Friday, August 15, 2003

Why the big power outage in the Northeast yesterday and today? You'll read upteen thousand stories about the complex facts of power generation, distribution and consumption over the next week or so. Make sure you keep all this in its political-economic context.
The country's halting moves toward electricity deregulation over the past decade have dramatically increased the volume of power flowing on the grids.

But the transmission towers themselves remain the stepchildren of the nation's energy infrastructure. People don't want them in their back yards or on their farms. Energy companies aren't interested in building them. And while the system is linked together with advanced computer systems, much of the equipment that opens and closes connections around the nation's three major grids is 1950s vintage, officials said.

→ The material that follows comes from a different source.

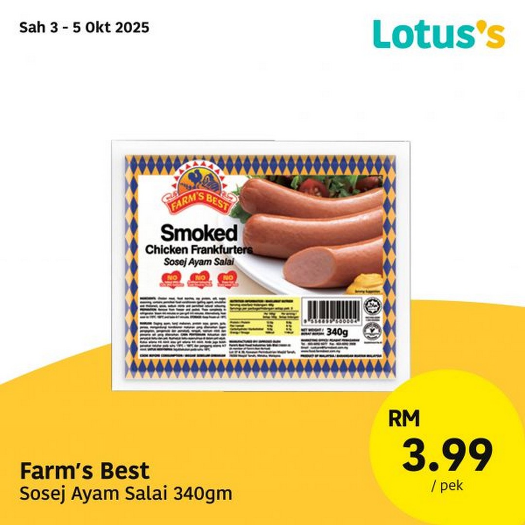 3 – 5 October 2025: Farm’s Best Smoked Chicken Frankfurters 340g – RM3.99/pack – Lotus’s Malaysia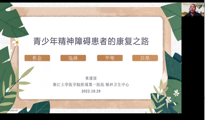 浙江大学医学院附属第一医院精神卫生中心主治医师来建波以《青少年精神障碍患者的康复之路》为题,综合分析青少年出现精神障碍的生物、社会文化和心理因素,讨论了青少年精神障碍患者的精神康复全流程。禁漫天堂

"We're a superpower with a Third World grid," New Mexico Gov. Bill Richardson, a former energy secretary, said yesterday.

Cook's organization, the North American Electric Reliability Council warned last year, "The nation is at . . . a crisis stage with respect to reliability of transmission grids." It calculated that $56 billion was needed to upgrade the nation's grids, but only $35 billion was likely to be invested. . . .

The Electric Power Research Institute in Palo Alto, Calif., estimated that while power demand has shot up 30 percent in the past 10 years, transmission capacity has increased by just 15 percent. . . .

As deregulation flourished, investment dwindled in transmission lines, whose profits are limited by regulation.
So as the Enrons of the world were speculating on the newly deregulated utility system in the 1990s, they poured money into places where a quick buck could be turned -- energy trading, as it turned out. Don't forget the booming stock market either, which drained capital away from boring things like electricity transmission lines and fed it into exciting ventures like eToys and instead.

When you leave the essentials up to capital, prepare to either get taken to the cleaners or burned.